Home

ECLI:NL:TGZCTG:2021:151 Centraal Tuchtcollege voor de Gezondheidszorg 13-08-2021 c2021.019

ECLI:NL:TGZCTG:2021:151 Centraal Tuchtcollege voor de Gezondheidszorg 13-08-2021 c2021.019

Gegevens

Instantie
Centraal Tuchtcollege voor de Gezondheidszorg
Datum uitspraak
13 augustus 2021
Datum publicatie
13 augustus 2021
ECLI
ECLI:NL:TGZCTG:2021:151
Zaaknummer
c2021.019

Inhoudsindicatie

Klacht tegenkinder- en jeugdpsychiater.

Klager is gescheiden en heeft drie kinderen die onder toezicht zijn gesteld. De psychiater is regiebehandelaar van een van hen. Tijdens een behandeling heeft dit kind zich uitgelaten over grensoverschrijdend gedrag van klager. Er volgde een gesprek tussen de moeder, de gezinsvoogd, de psychiater en het kind en een aangifte bij de politie van seksueel misbruik van het kind door klager. Klager verwijt de psychiater dat zij informatie over hem en zijn kinderen heeft gedeeld met de gezinsvoogd, dat zij niet transparant werkt, nu zij de informatie over klager wel heeft geuit naar de gezinsvoogd maar niet met klager heeft gedeeld en dat zij niet naar eer en geweten handelt.Het Regionaal Tuchtcollege heeft de klacht ongegrond verklaard.
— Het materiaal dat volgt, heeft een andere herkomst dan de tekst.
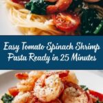 This Tomato Spinach Shrimp Pasta is a quick and delicious meal featuring tender shrimp sautéed with garlic, cherry tomatoes, and fresh spinach, tossed with perfectly cooked pasta and finished with Parmesan cheese and a touch of butter. Ready in just 25 minutes, it’s a flavorful and healthy dinner option that combines succulent seafood with vibrant vegetables and Italian seasonings.
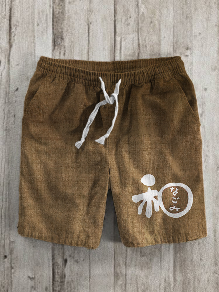 Japanese Traditional Sashiko Art Linen Blend Shorts
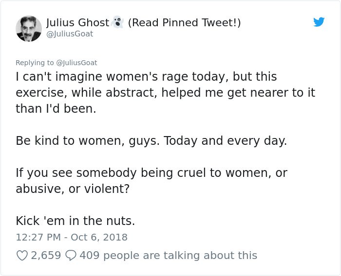 “I can not imagine women’s anger now,” Moxon wrote. “However, this particular exercise, while subjective, helped me get closer to it than I had been.” Since Judge Brett Kavanaugh has been confirmed to the US Supreme Court that the planet was hit by a wave of protest and anger, highlighting the issues that surround attack and sexual abuse. Scroll down to see the analogy and inform us your ideas.

Het Centraal Tuchtcollege verwerpt het beroep.

Uitspraak

C E N T R A A L T U C H T C O L L E G E

voor de Gezondheidszorg

Beslissing in de zaak onder nummer C2021.019 van:

A., wonende te B., appellant, klager in eerste aanleg,

tegen

C., psychiater, destijds werkzaam te D., beklaagde in beide instanties, gemachtigde: mr. L.A.P. Arends, advocaat te Nijmegen.

1. Verloop van de procedure

A. - hierna klager - heeft op 10 maart 2020 bij het Regionaal Tuchtcollege te Zwolle tegen C. - hierna de psychiater - een klacht ingediend. Bij beslissing van 4 december 2020, onder nummer 037/2020, heeft dat College de klacht kennelijk ongegrond verklaard. Klager is van die beslissing tijdig in beroep gekomen.
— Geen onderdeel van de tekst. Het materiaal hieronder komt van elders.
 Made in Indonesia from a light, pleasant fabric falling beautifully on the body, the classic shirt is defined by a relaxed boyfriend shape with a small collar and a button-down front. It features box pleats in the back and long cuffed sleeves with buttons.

De psychiater heeft een verweerschrift in beroep ingediend.

De zaak is in beroep behandeld ter openbare terechtzitting van het Centraal Tuchtcollege van 9 juli 2021, waar klager is verschenen. De psychiater is niet verschenen.

Mr. Arends heeft het Centraal Tuchtcollege voor de terechtzitting in beroep bericht dat de psychiater niet in de gelegenheid is om de zitting bij te wonen (e-mail d.d. 21 mei 2021). Mr. Arends is namens de psychiater verschenen. Op verzoek van de psychiater was ook aanwezig mevrouw E., kinder- en jeugdpsychiater, die desgewenst informatie over de algemene gang van zaken in de organisatie kan melden. Klager heeft spreekaantekeningen overgelegd.

2. Beslissing in eerste aanleg

Het Regionaal Tuchtcollege heeft aan zijn beslissing het volgende ten grondslag gelegd.

“2.DE FEITEN

Op grond van de stukken en het verhandelde ter zitting dient, voor zover van belang voor de beoordeling van de klacht, van het volgende te worden uitgegaan.

Klager is gehuwd geweest en uit dit huwelijk zijn drie zonen geboren: T. (2004),

L. (2006) en N. (2009).

Vanaf zijn vijfde tot aan zijn elfde levensjaar heeft T. een bezoek- c.q. omgangsregeling met klager gehad. Sinds medio 2015 heeft T. geen contact meer met klager.

Beklaagde, werkzaam als kinder- en jeugdpsychiater bij F. te D., is regie-behandelaar van T. F. is een academisch centrum voor kinder- en jeugd-psychiatrie. Kinderen en jongeren van 0-18 jaar kunnen bij F. terecht voor diagnostiek en behandeling van ADHD, autisme, depressie, angst- en dwangstoor-nissen, gedragsstoornissen, psychose en andere psychiatrische problematiek.

In de beschikking van 21 september 2017 is klager ontheven uit het ouderlijk gezag. Sindsdien wordt het ouderlijk gezag over T., L. en N. alleen door moeder uitgeoefend.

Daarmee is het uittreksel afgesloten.